Course Description/Goals
This course examines selected works from a range of time periods, cultures, and literary traditions that center on the experiences, consequences, and legacies of migrations to and within America. Our goal is to recognize--and to analyze the stakes of--commonalities and differences in the American migration narratives we're reading, so as to better understand and reconsider defining narratives in the self-conception of United States such as "the chosen people," "manifest destiny," "the melting pot," "a nation of immigrants," "cultural pluralism," and "multiculturalism."
Texts. There are nine books in the bookstore for you to purchase:
In addition, there are a number of works on reserve at the circulation desk in Reed Library, some of which contain assigned readings that you are responsible for copying and bringing to class on days when we are discussing them (see Schedule of Assignments and Bibliography, below).
Course Requirements/Expectations
There are several components to your grade in this course:
Attendance/Participation (15%): Regular attendance and thoughtful participation are crucial to your enjoyment of and success in this course. If there is absolutely no way for you to avoid missing a class, you are expected to contact me ahead of time or soon after your absence, preferably by e-mail. Barring emergencies, each absence after the second will lower your final course grade by one-third of a grade (e.g., with three absences, an A would become an A-; with five, a B+ would become a C+).
More important than showing up on time, of course, is coming to class prepared and focused. I expect you to read what has been assigned for a given date at least once (and preferably more than that!) by the time we begin to discuss it in class. This is a graduate seminar, after all; although I will provide some context and background for our reading, the bulk of class time will be spent in discussions, activities, and in-class writing. As there is no final examination in this course, think of my evaluation of your preparation/participation in class and on the course listserv (see below) as a different but equally important method of assessing your effort and learning in the course.
Course Listserv (10%): This listserv will be your space; I will keep my own input to a bare minimum. Although you may use the listserv in any number of ways, you must use it in the following way: no later than 11 pm Monday of every week, you must post to the course listserv at least one sustained observation and three well-developed and carefully-chosen questions that you believe would spark discussion for that Tuesday's class meeting.

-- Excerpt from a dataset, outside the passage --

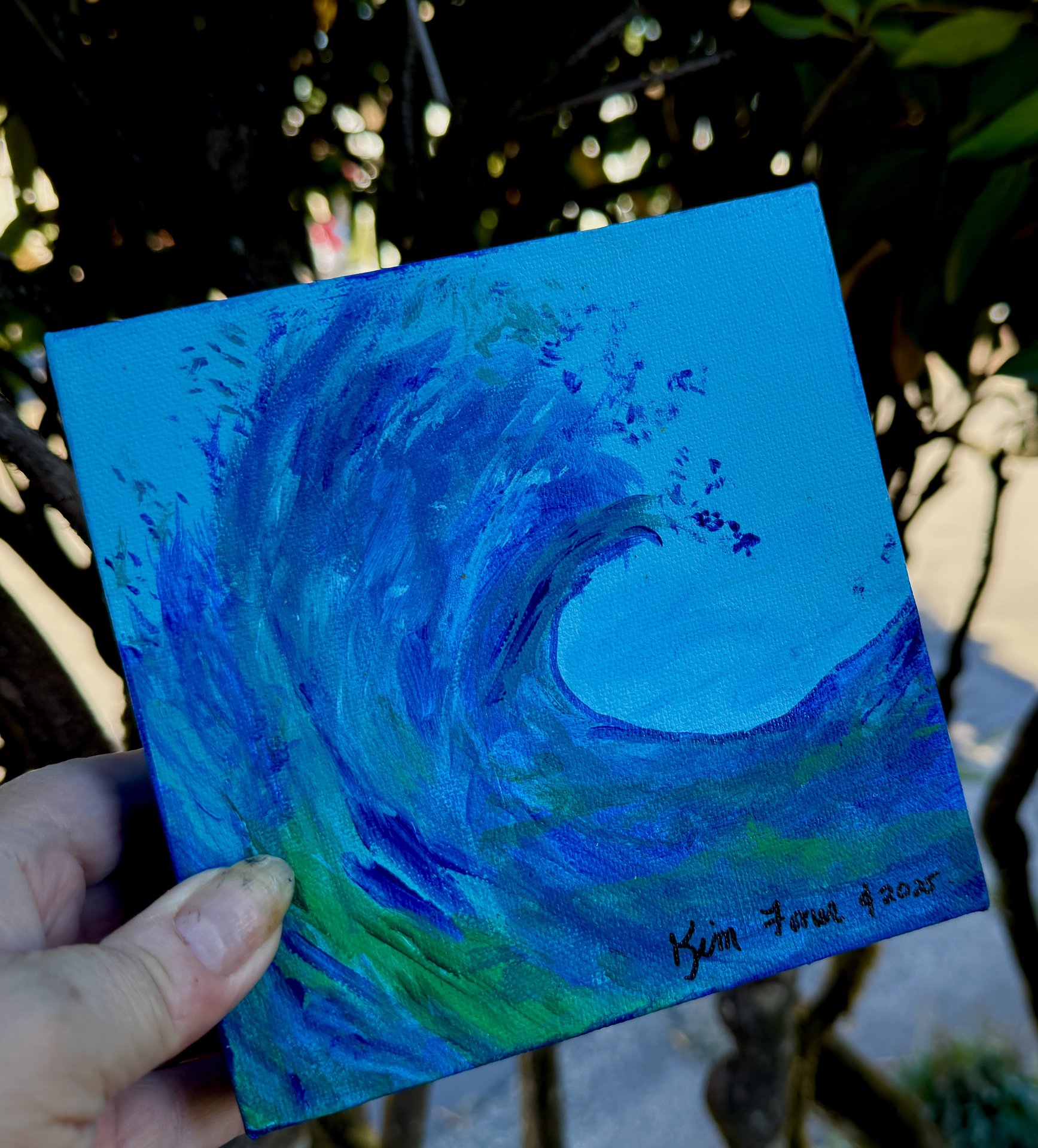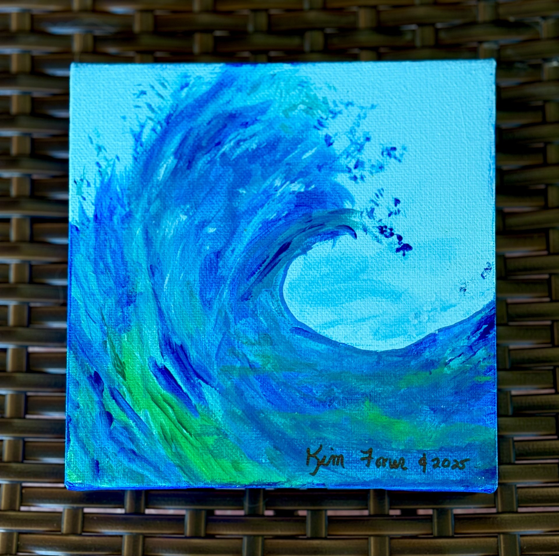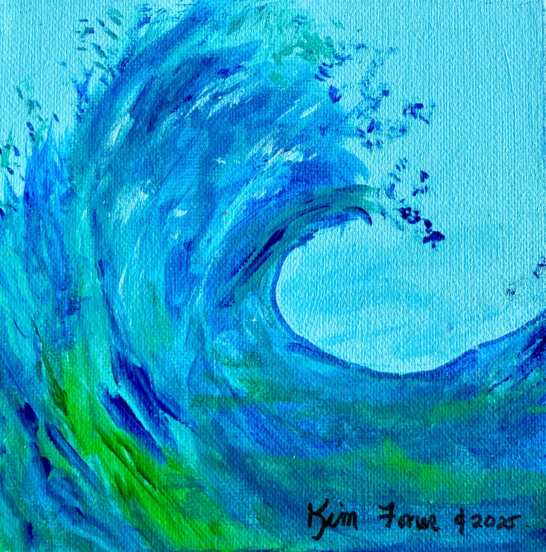 Acrylics on 6” square x 1-1/2” canvas. Perfect for the ocean lovers for that small spot that needs a cool wave painting! Painted on sides so no frame required, sealed and signed.

Your grade for this segment of the course will be determined by the number of on-time sets of observations and discussion questions you post to the course listserv: 9 or more sets of questions=A; 8=B+; 7=B; 6=C+; 5=C; 4=D; 3 or less=E. The quality of your observations and discussion questions will be factored into your preparation/participation grade (see above); the more carefully-considered your questions are, the more likely they are to provide a seed for an in-class presentation or critical/comparative essay, as well.
Research-Based Class Presentation (25%): Your class presentation must present an argument that relates to the central issues of the course and draw on library and internet research. Presenters are the only people who must have read the critical readings that are optional for everyone else in a given week; it is expected that your presentation will in some way draw on or relate to all the readings for that week. In it, you may (a) compare and contrast two of the assigned readings thus far in the semester, (b) put one of the assigned readings we've read thus far in the semester in historical or social context, (c) relate one of the works on reserve at Reed Library to one of the texts we have read thus far in the semester, (d) relate a migration narrative from the course to one from outside it, (e) describe and justify a lesson plan you would generate in order to teach a given reading from the course, an excerpt from it, or an issue stemming from it, or (f) develop a topic of your choice (with my approval). Please consult with me well in advance of your presentation.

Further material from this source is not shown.